Kennedy authored articles for the Stanford Law Review such as "Toward Expediting Labor Injunctions under § 10(l) of the Taft-Hartley Act" and "Res Ipsa Loquitur Requires Nursery School to Explain Pupil's Injuries: Res Ipsa Loquitur. Burden of Proof. Infants. Schools and School Districts".

== Legal career ==

During his 30+ years as a practicing attorney, Kennedy has been involved in some significant litigation. He practiced law in Chicago, Illinois, from 1966 until 1972. Upon arriving in Utah, Kennedy was a partner in various Salt Lake City law firms, including Boyden & Kennedy, Nielson & Senior, and Edwards, McCoy & Kennedy. During his career, his practice focused on labor law, employment relations, and Indian affairs. He served as attorney general or assistant attorney general for seven Indian tribal governments. He is a member of the American Bar Association, the Utah State Bar Association and the Salt Lake County Bar Association. Following retirement from the bench, he re-entered private practice as a mediator/arbitrator under the name John Kennedy Mediation LLC.

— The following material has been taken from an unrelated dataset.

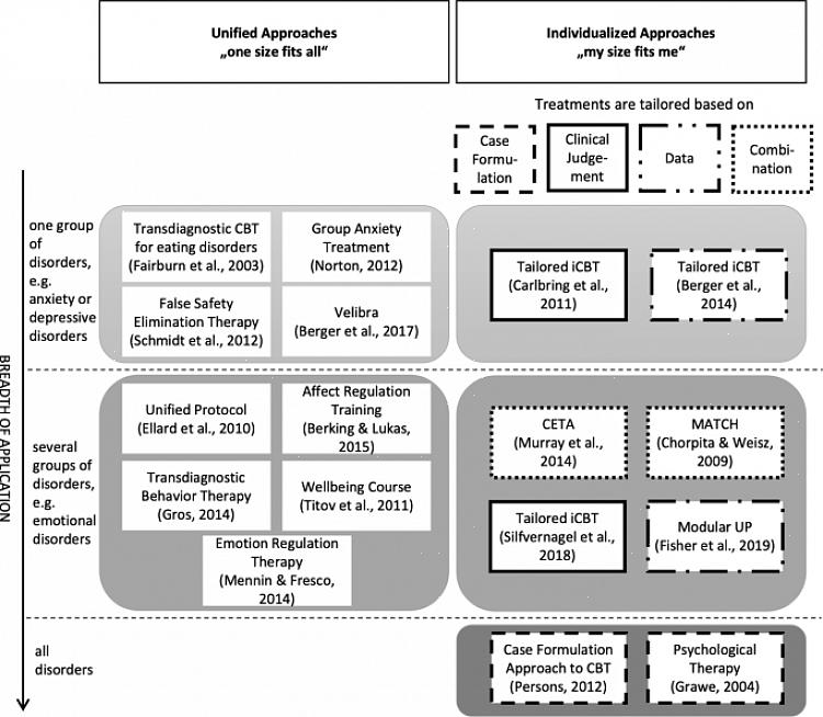 בדרך כלל, מטפלים לומדים להשתמש בטיפול ספציפי לכל פסיכופתולוגיה. עם זאת, כמה מחקרים הראו ששימוש באותו טיפול עבור קטגוריה שלמה של הפרעות יכול להיות יעיל יותר וגם יעיל יותר. מושג זה נקרא טיפול טרנסדיאגנוסטי.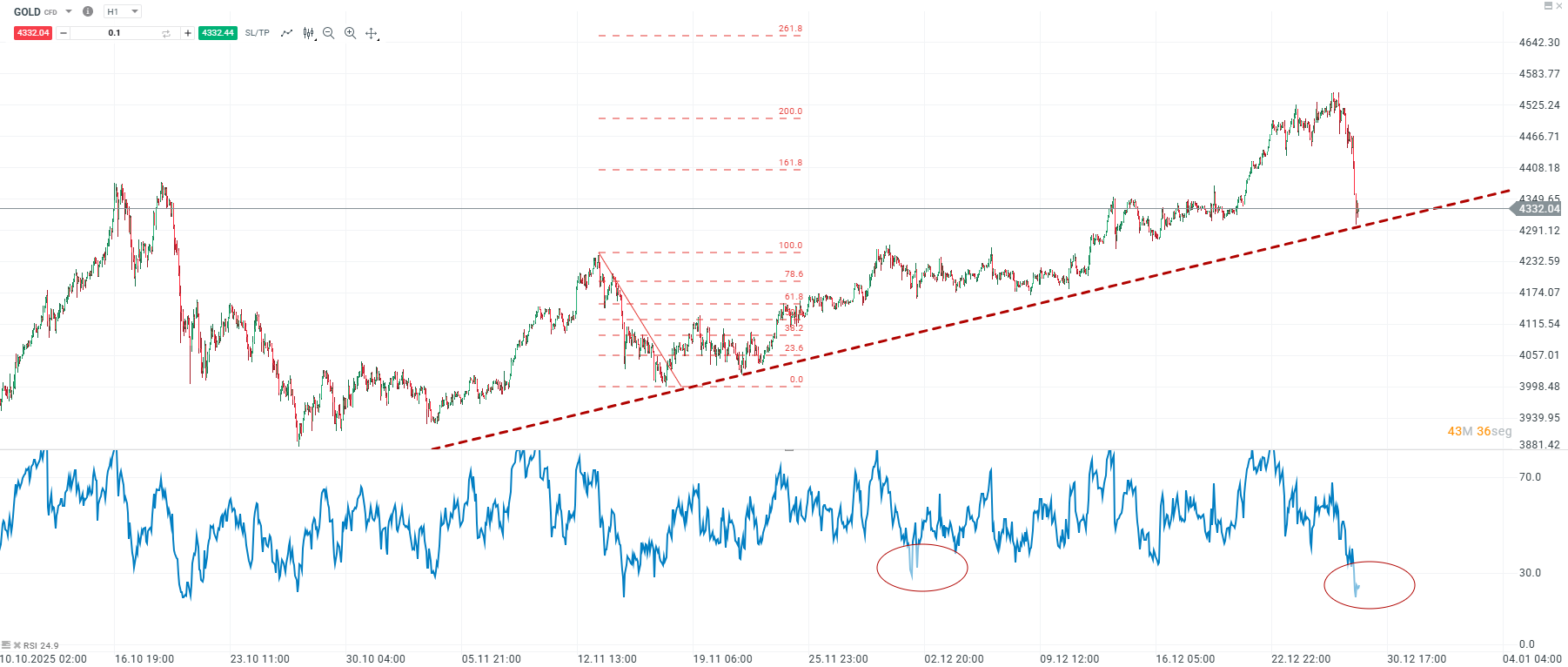 El oro superó por primera vez los US$4.400–4.500 por onza a fines de diciembre de 2025 y acumuló un alza aproximada de 70–75% en el año, su mayor subida desde 1979.

== Notable Cases as a Lawyer ==

=== Supreme Court of the United States ===

- Digital Equipment Corporation, Petitioner v. Desktop Direct, Inc. (1994)

=== US District Courts ===

- Sidney v. MacDonald (1982)
- Cleveland v. Andress (1978)
- Hopi Tribe v. Watt (1982)
- Utah v. United States DOI

=== US Courts of Appeals ===

- McCurdy v. Steele (1974)
- Desktop Direct v. Digital Equip. Corp. (1993)
- Sekaquaptewa v. MacDonald (1978, 1980)
- Stout v. Te-Moak Tribe of W. Shoshone (2000)

== Judicial career ==

Judge Kennedy was certified by the Utah Judicial Council to stand for retention in 2008 after having satisfactorily pass his judicial performance evaluations by attorneys and jurors. Judge Kennedy was successfully retained in office by Utah voters. The litigation section of the Utah State Bar has published a "Bench Book" outlining the courtroom practices and preferences of Judge Kennedy.

== Personal background ==

In 2001, Judge Kennedy chose to take a sabbatical to serve a mission for the Church of Jesus Christ of Latter-day Saints in St. Petersburg, Russia. (He was the president of the church's mission in St. Petersburg.) He remained there until his return to Utah in September 2004. During this time abroad, he learned to speak some conversational Russian . He and his wife have 6 children.